Two ladies and a gentleman, on April 13, 2006, walked into the offices of Kano State Universal Basic Education Board (SUBEB) to meet with officials of the Board and those of Kano’s Educational Management Information System (EMIS), a baby of the board.

 

The threesome made a team of educationist who had traveled from Lagos to Kano to study the operational modes of EMIS which Kano state initiated, for possible duplication in Lagos state.

 

Leader of the team, Mrs. A.O Adelaja, spoke glowingly about EMIS while addressing the Executive Chairman of SUBEB, Alhaji Abdullahi Muhammad Dutse. “We are deeply impressed with what we have seen of EMIS”, she said for herself and others in her team:
Mrs. S.B. Sosan and Mr. D.A. Adefarati.

 

Mrs Adejala was hit by the unexpected resourcefulness, so to say, of Kano state and she said so in these words: “The Kano EMIS is very good, a lot of work has been done to set Kano state apart. We have seen a ready-made data base which is very informative and valuable for all stakeholders and the larger society. We’re returning to Lagos with an entirely new idea of what the Northern part of the country could do as exemplified by Kano state. Your masterpiece, EMIS, could soon put the state at the same pedestal with the South, Lagos state inclusive, in terms of developments in the educational sector”.

 

The Adelaja – led team has returned  to Lagos after a two-day study visit to Kano, but those behind EMIS are understandably basking in the euphoria of having succeeded so well in developing an educational blueprint that states in the educationally developed southern Nigeria would wish to copy.

 

And, it is not just a southern state that is impressed with Kano’s ingenuity. USAID COMPASS, an international development organization is deeply interested; same as United Nations Development Project (UNDP); British Council, Abuja; as well as ENHANCE project, Nigeria. More significant, perhaps is that the Federal Government of Nigeria has also adopted the EMIS project.

 

What is EMIS, one would ask? Education Management and Information System (EMIS) involves collection of data in decision making. Data collected helps also in planning, monitoring of projects and evaluating development activities. The idea is to make necessary information available to managers and stakeholders at all levels in the education sector so that they can make an informed decision and ease the task of development. More specifically, EMIS improves information flow from the classroom, the schools and the wider education system such as Local Government Education Authorities (LGEAs), Zonal offices of education, SUBEB headquarters in Kano, Kano Education Resource Department (KERD), Ministry of Educatoin (MOE), Kano; Universal Basic Education (UBE), Federal Ministry of Education (FME), etc.

 

In practice, data collected from schools is aggregated along EMIS designed modules into user-friendly framework to develop pupils and teachers and improve infrastructure in schools.
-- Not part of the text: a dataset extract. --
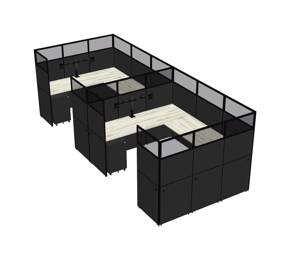 Système De Panneaux En U Heinne Holz Pour 2 Personnes + Bras D'écran (bras Doubles) + Tiroirs Mobiles En Métal Pour 2 Utilisateur(s)

Along the way, EMIS has raised awareness of all involved concerning the benefits of education indicators and their application. Indeed, observers agree that the EMIS in Kano SUBEB has a great future because of growing awareness of education planners and implementers on the enormous benefits of necessary information in efforts to provide quality education to the people.

 

EMIS started in the 2002/2003 school year when United States Agency for International Development (USAID) entered into an agreement with the State Universal Basic Education Board (SUBEB) as brokered by Research Triangle Institute (RTI) to build a dependable data base.

 

To the credit of those involved in the operations of EMIS, particularly its head, Alhaji Jibrin Garba and the unit co-coordinator, Alhaji Aliyu A.M. Indabawa, EMIS has done well within the short time of its establishment. The success of Kano EMIS becomes clear when it is noted that the Executive chairman of SUBEB (from where EMIS emerged), Alhaji Abdullahi Dutse, is a foremost educationist renown for being passionate for educational development. He has happily taken on responsibilities at different levels of education and has stamped his feet on each of such positions of responsibilities.

 

The EMIS initiative is spreading fast. When Independent Policy Group (IPG) wrote a letter to the Kano SUBEB EMIS November 17, 2005, the group stated that: “…IPG intends to commence a series of consultations with major stakeholders and experts in order to prepare a brief for Mr. President (Obasanjo) on how to increase investment in Basic education, identifying a key role for EMIS as a modality needed to achieve desired goal.

 

“In recognition of the (Kano) State Ministry of Education’s leadership and coordinating role, and the pivotal path the state Universal Basic Education Board is playing, IPG seeks to collaborate closely with the Ministry and other stakeholders in understudying the existing EMIS project with a view to seeking imput for the policy brief to Mr. President…”

 

Interest of Federal Ministry of Education in the EMIS strategy dates back along way. This is evident in Educational Data News, a publication of the Education Data bank (EDB) of the Ministry which October 2005 edition is dominated by EMIS – related contents; one which reads: “The Nigerian Education  Management Information System (NEMIS) is based on work performed in the states such as Kano. Kano State Ministry of Education/SUBEB has a success story of EMIS development…”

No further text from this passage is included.